In that case, how does wheat beer even work, as I see many recipes using far more wheat than barley?
 
Your approach looks fine. Your terminology is incorrect though. This process is referred to as "steeping" as you're making a "tea" from the crushed grains. You're not converting them.

A PM approach would be to add, say, 3 lbs base malt to the above grains and holding the grains at 150 for 60-90 minutes. This would be mashing.

Just go for it - it will make good beer!

Edit: The what malt is a mix or barley and wheat in differing proportions (depending on the manufacturer). Usually something like 55% barley 45% wheat.
 
I would say to try to bump the base malt up to about 3lbs too.

You need the enzymes in the malt to convert the starches in not only the flaked wheat, but the oats and the acidualted malt too.

Flaked wheat contains no enzymes, but malted wheat does. And, if you use 6-row, you may be able to get away with less base malt since 6-row contains more enzymes than 2-row or malted wheat for that matter.

30 minutes might not be enough to convert all the startch. Most people mash for 60minutes. You can check for conversion by doing a simple iodine test.
 
We have had extensive conversations about this before but... Acidulated malt WILL NOT ADD ANY SOURNESS to your beer, I tested it too. It is designed to lower the mash PH of bohemian pilsners and other very light beers to comply with the German purity law by not having to add any brewing salts to get the PH in line with what it shoud be to provide proper conversion.

I would not use any 6-row, adjuncts are corn and rice, not wheat. A true partial mash for this style would be a few pounds of pilsner malt, and a pound or so of wheat. IMO Flaked oats do not belong in the recipe, they will add more mouthfeel than is appropraite for the style. A good wit will be around 50/50 - 70/30 wheat/barley, with corriander and orange peel, and 1 bittering addition of a noble type hop.

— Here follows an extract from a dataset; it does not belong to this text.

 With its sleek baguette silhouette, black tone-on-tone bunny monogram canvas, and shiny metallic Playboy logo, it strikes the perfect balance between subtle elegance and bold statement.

Wits do not contain any sourness, but that acidulated malt won't give you any anyway. If you want sourness, they produce lactic acid that you can add directly, or I believe it is WYeast that makes a Berliner Weiss yeast/bacteria strain that will sour your brew.
 
I would not use any 6-row, adjuncts are corn and rice, not wheat. A true partial mash for this style would be a few pounds of pilsner malt, and a pound or so of wheat. IMO Flaked oats do not belong in the recipe, they will add more mouthfeel than is appropraite for the style. A good wit will be around 50/50 - 70/30 wheat/barley, with corriander and orange peel, and 1 bittering addition of a noble type hop.

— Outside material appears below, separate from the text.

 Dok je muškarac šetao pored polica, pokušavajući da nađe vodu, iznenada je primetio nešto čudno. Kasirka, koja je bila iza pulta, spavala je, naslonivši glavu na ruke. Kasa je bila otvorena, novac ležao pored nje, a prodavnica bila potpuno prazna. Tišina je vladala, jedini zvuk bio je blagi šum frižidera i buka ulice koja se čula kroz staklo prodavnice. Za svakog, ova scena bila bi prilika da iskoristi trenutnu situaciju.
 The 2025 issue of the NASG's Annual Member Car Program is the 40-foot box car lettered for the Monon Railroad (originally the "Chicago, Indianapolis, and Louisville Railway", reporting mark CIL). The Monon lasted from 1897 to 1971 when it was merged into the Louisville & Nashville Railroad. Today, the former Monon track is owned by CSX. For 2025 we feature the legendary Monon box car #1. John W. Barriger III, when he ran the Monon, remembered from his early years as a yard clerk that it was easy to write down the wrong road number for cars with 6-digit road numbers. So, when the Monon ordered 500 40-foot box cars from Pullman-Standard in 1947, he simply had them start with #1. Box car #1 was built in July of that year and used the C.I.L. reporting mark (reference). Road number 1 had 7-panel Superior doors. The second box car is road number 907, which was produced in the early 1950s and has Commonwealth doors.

Wits do not contain any sourness, but that acidulated malt won't give you any anyway. If you want sourness, they produce lactic acid that you can add directly, or I believe it is WYeast that makes a Berliner Weiss yeast/bacteria strain that will sour your brew.

Any unmalted grain is an adjunct.

Oats are a very common ingredient in Belgian Wits (see Brewing Classic Styles as well as the Jamil Show episode on Wits). I would say they are even a traditional ingredient but I have no source for this.

Am sure the OP was adding the acid malt to achieve the 'tartness' sometimes seen in Wits. I think this is all yeast derived, I don't think you will need to supplement to achieve it.